Barrat is often disappointed by sensationalist _the robots are coming for our jobs_ responses that some have to his work. The way he sees it, AI is not a replacement for creativity but a powerful resource to augment it. He’s a huge fan of Balenciaga—“I own a few pieces. Not a lot—I’m not, like, super rich,” he laughs. Barrat has a great deal of respect for the designers. “I don’t think that clothing designers need to worry about this sort of thing, but I do see a future where artists and designers use AI tools like this to augment human creativity,” he tells me. “So maybe a designer could use the fashion neural network by generating outfits and flicking through them, hoping to find something interesting, and incorporate features of what they see from the AI in a human-made design. It’ll be a completely radical artist’s tool—not something that is going to replace artists.”

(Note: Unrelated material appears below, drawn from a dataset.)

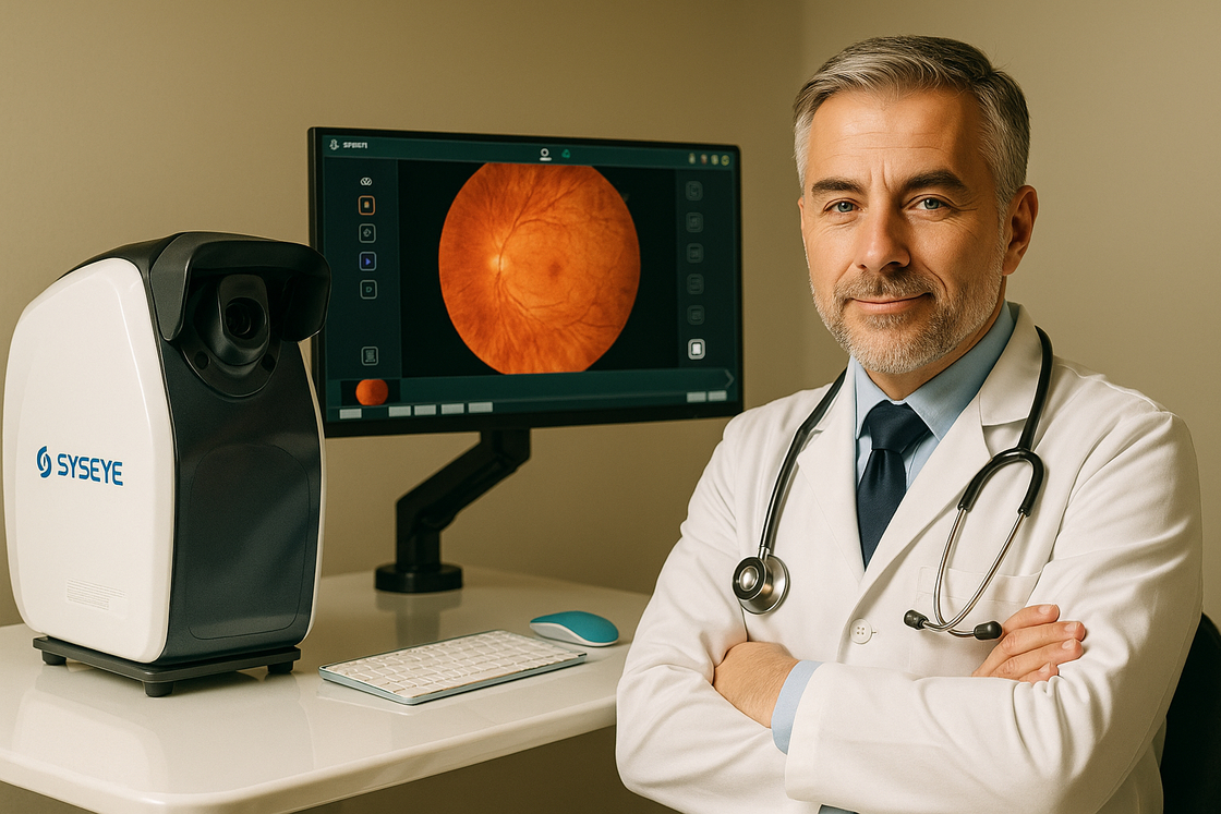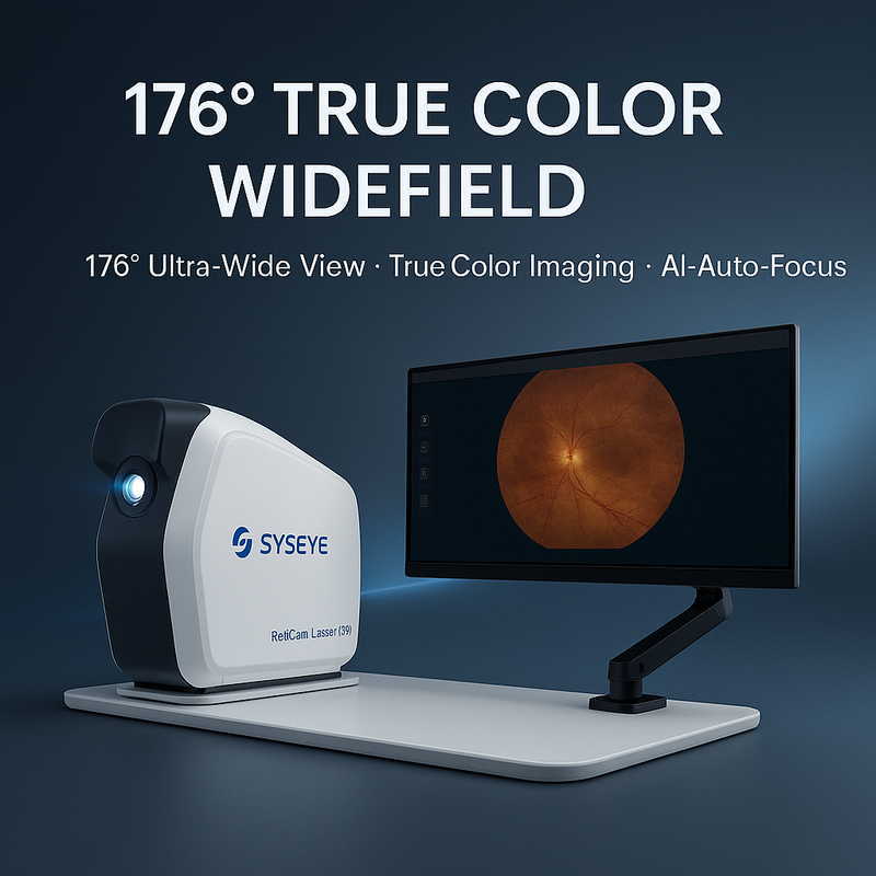 Cámara de Fondo de Ojo de Gran Angular de 176° con operación de un solo botón y capacidades de captura binocular, diseñada para investigación clínica oftalmológica avanzada.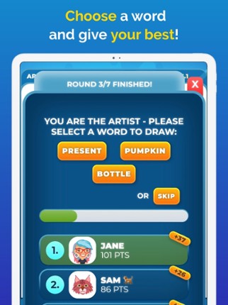 Draw & Guess is a casual drawing game for 4-16 people! Each player receives a word and draws it. The next player guesses the word behind the drawing. Then another one draws it again and so on! If the first word is correctly guessed by the last player, that's a trophy! If you enjoyed this game, see our list of games similar to Draw & Guess.

His work challenges our double standards around authorship, creativity, and, appropriation. Fashion is dominated by narratives of singular visionaries—Demna Gvasalia, Alessandro Michele, Tom Ford—and it is in part this association that commands respect (and justifies the dollar signs) in the eyes of the public. Would people still pay for pieces designed by a machine? Looking at these images, which Barrat made exclusively for Flaunt, how can we separate the contributions from the Barrat, the clothing designers, and the neural networks? Who is the artist here? It’s just a taste of the complicated and fascinating questions to come.